I once heard it said by the wise and funny Overeaters Anonymous guru, Judi Hollis: "We ruined it for you. You are never again going to be able to binge without regret." I too believe that once an addict has been exposed to the thinking of the Twelve Steps, it will be very hard for him or her to get away with little murders in the form of binging, gambling, or whoring without suffering  enormous pangs of guilt.

Perhaps it is only the relapsed addict, who has already tasted recovery, who is capable of realizing how dangerous the pursuit of a pick-me-up is.

* * *

This is a book about mishaps and failures, a book about ridiculous attachments and mind-boggling compulsions.

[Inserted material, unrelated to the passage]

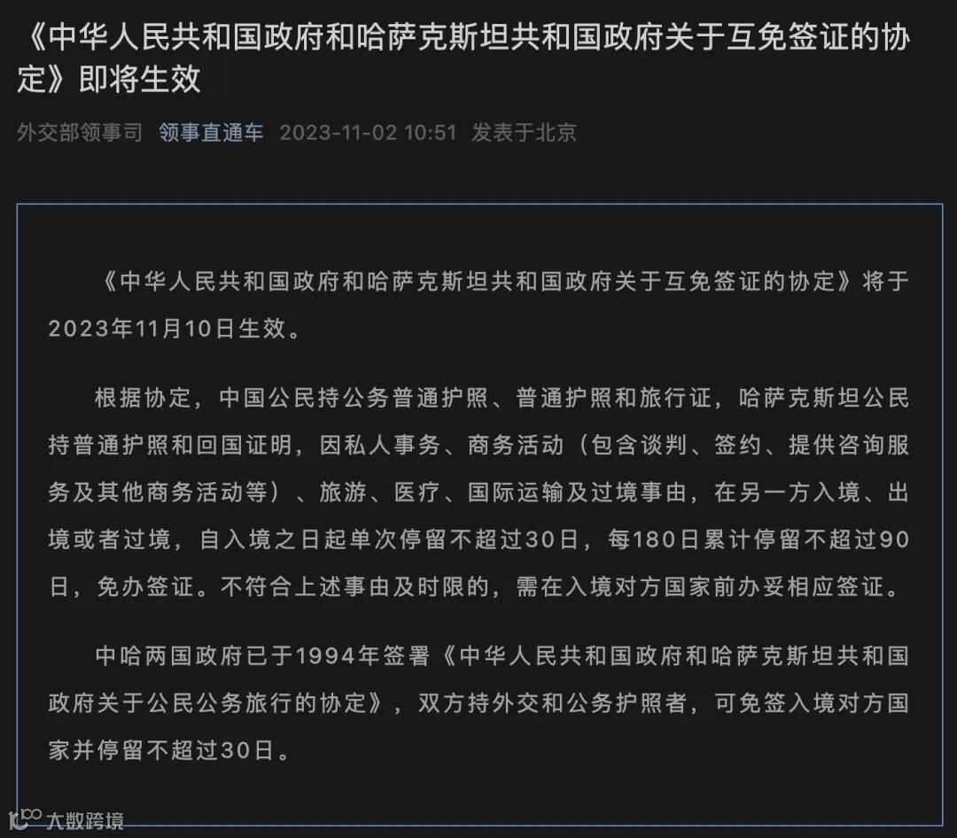 据“领事直通车”,《中华人民共和国政府和哈萨克斯坦共和国政府关于互免签证的协定》将于2023年11月10日生效。
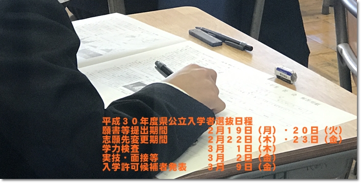 いよいよ埼玉県公立高等学校入学者選抜の出願となりました。自分自身が決めた進路へ向けて、受検する高校へ出願に出かけています。学力検査当日までの準備期間は、本日を含めて10日間。健康にも留意しながら、これまでの積み重ねの継続を!

There is no lack of tragedy, pathos and remorse; yet there will be a hint of the comic as we travel together through the lives of people who have run counter to their true essences and behaved like genuine jackasses.

The tales in this book speak for themselves. I honor their uniqueness and have therefore taken great pains to keep the details as accurate as possible while allowing myself the liberty of changing the geographies, names and some pertinent facts to safeguard the privacy of the narrators. In order to preserve the psychological integrity of this book, I give you real stories and not a dolled-up Hollywood rendition.

In that same spirit, I must say this: There is no perfect solution to the problem of addiction. The rehab where I work is not a typical recovery center and its success rate far exceeds other facilities around the world. In spite of this, I do not know the number of patients who were in treatment at our center and left, only to tumble back down into the grips of addiction. Recovery is hard to come by.

I am not the hero of this book. I will not extol my virtues as a psychologist who specializes in addictions and compulsions. This is not a book about how I turned lives around. There are many addicts I did not accompany to sanity.

The hero in each of these tales is neither the rehab counselor nor the Twelve-Step Program. The addict is the hero and the addiction is the villain; or maybe they both are the villain.

This book is about addicts who have allowed their excesses to rule them and destroy them. Some have been helped and some are still out there, floundering, only partially rehabilitated. 

Bear in mind, this does not make them weak. As you read their stories, I hope you will come to understand that any one of us can succumb to obsession. I hope that you will learn a little about how circumstances can make temptations seem irresistible. This is a reality many of us never have to face – but the truth is, no one is immune.